INSTRUCTIONS FOR THE TASK: In the material below, find the line with "4、校园红人的粉丝用户普遍年" and the line with "Una tshirt que", then output those two lines and every line between them, exactly.
[INPUT DATA — start]
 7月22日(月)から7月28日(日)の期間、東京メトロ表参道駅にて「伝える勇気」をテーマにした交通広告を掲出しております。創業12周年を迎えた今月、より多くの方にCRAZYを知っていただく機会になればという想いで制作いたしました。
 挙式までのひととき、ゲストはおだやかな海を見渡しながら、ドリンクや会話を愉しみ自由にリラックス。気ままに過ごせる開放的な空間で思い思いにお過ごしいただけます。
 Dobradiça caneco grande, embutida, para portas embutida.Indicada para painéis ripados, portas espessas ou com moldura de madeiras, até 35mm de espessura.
[INPUT DATA — finish]
[INPUT DATA — start]
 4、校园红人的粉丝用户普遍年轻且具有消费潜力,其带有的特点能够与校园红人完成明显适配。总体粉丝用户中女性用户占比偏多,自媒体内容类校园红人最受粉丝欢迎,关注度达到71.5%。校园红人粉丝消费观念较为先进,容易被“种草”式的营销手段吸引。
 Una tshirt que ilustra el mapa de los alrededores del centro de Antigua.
[INPUT DATA — finish]
[INPUT DATA — start]
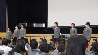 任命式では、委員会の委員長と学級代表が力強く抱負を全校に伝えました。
[INPUT DATA — finish]
SOLUTION BELOW:
 4、校园红人的粉丝用户普遍年轻且具有消费潜力,其带有的特点能够与校园红人完成明显适配。总体粉丝用户中女性用户占比偏多,自媒体内容类校园红人最受粉丝欢迎,关注度达到71.5%。校园红人粉丝消费观念较为先进,容易被“种草”式的营销手段吸引。
 Una tshirt que ilustra el mapa de los alrededores del centro de Antigua.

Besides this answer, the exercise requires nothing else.